La Russie a opté pour une variante plus stricte de la façon d’agir de la Chine. En effet, toute personne d’au moins 14 ans dans la région de Moscou doit télécharger un QR code afin de pouvoir se déplacer autour de la cité. Toute personne doit également s’enregistrer sur un site gouvernemental et doit avoir téléchargé l’application de traçage numérique. L’itinéraire et les raisons de déplacements de chaque individu doivent être déclarés à l’avance afin de pouvoir être sous contrôle des autorités[11].

L’Europe, le Canada ainsi que les États-Unis ont misé sur une approche moins intrusive du traçage numérique des contacts[11].

Le Canada a développé une application basée sur le stockage décentralisé des données. Cependant, peu de détails techniques ont été rendus publics. Cela a soulevé beaucoup de questions de la part de la population, notamment pourquoi le gouvernement n’a pas donné d’explications concernant le processus de développement de cette application[11].
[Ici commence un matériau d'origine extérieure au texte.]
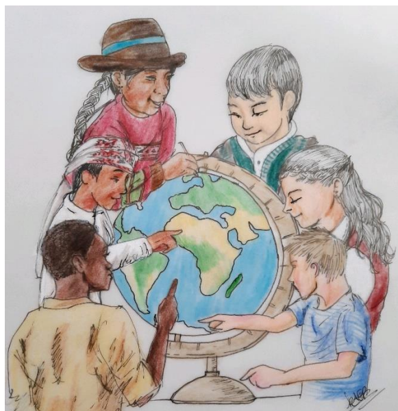
Reconnecting with your culture The School of the world (Kevin A. Echeverry, 2021)
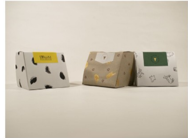
Atelier Design & Packaging
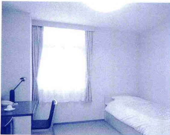
3階 個室(4室) 一室3,000円 お風呂・トイレ/タオル・浴衣有
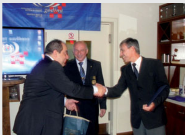
Fototrinki s sestanka v Ogulinu
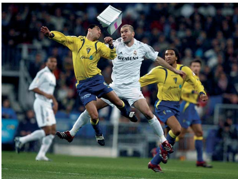
En juego, 2006
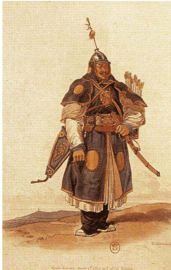
Bộ binh nhà Thanh

L’Allemagne et l’Italie ont lancé des applications basées sur le modèle développé par Google et Apple[8].

Dans de nombreux pays, des développeurs, individuels, centres de recherche, start-ups ou initiatives citoyennes – comme BriserLaChaine ou Vite ma dose en France – ont proposé de développer rapidement des applications afin d'accélérer la mise en place de solutions, critiquant la lenteur des gouvernements, leur aversion au risque, leurs méthodes bureaucratiques et la difficulté à construire un accord politique[12].
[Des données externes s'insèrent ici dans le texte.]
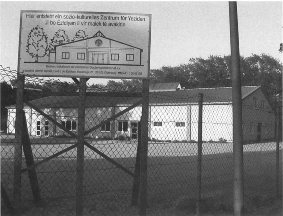
Abbildung 3: Yezidisches Kulturzentrum in Oldenburg

andererseits fordern Mirîdên, daß die Scheichs und Pirên die mit ihrer Stellung einhergehende Verantwortung ernst nehmen und sich um die ihnen Anvertrauten kümmern, anstatt lediglich die ihnen zustehenden Abgaben entgegenzunehmen.

Taux d’utilisation de la population modifier

L’efficacité des applications de traçage des contacts dans la lutte contre la pandémie du Covid-19 est fortement dépendante de son taux d’utilisation par la population[13]. Ce taux est influencé par divers facteurs propres à chaque individu et pays. Une des barrières limitante est la peur d’un manque de confidentialité sur les données personnelles[14]. Cette dernière peut être notamment due à un manque de confiance envers le gouvernement ou les entreprises qui ont accès aux données. Quand un ministre a révélé, à Singapour, que la police avait accès aux données des applications, malgré le fait que le gouvernement assurait le contraire, le taux d’utilisation a fortement baissé due à la perte de confiance[13]. Les Royaume-Unis, dans le but de rassurer la population à propos de la confidentialité, ont procurés, dans leur application, des informations détaillées sur son fonctionnement ainsi qu’un moyen de désactiver le traçage des contacts. Cela, en gardant d’autres fonctionnalités telles qu’une liste de symptômes ou du traçage par scan de QR codes[14].

La perception de l’efficacité d’une application peut également jouer sur le taux d’utilisation[13]. Certaines personnes ne perçoivent pas l’utilité du traçage des contacts et donc n’installent pas l’application. Afin de contrer cela, les Royaume-Unis ont lancé une campagne publicitaire utilisant le slogan « Everyone you love is on your phones, now so is the app that helps protect them from Coronavirus. » (Tous ceux que vous aimez sont dans votre téléphone, maintenant s’y trouve aussi l’application qui aide à les protéger du coronavirus) dans le but de sensibiliser la population à l’importance du traçage des contacts dans la protection de leurs proches[14],[13].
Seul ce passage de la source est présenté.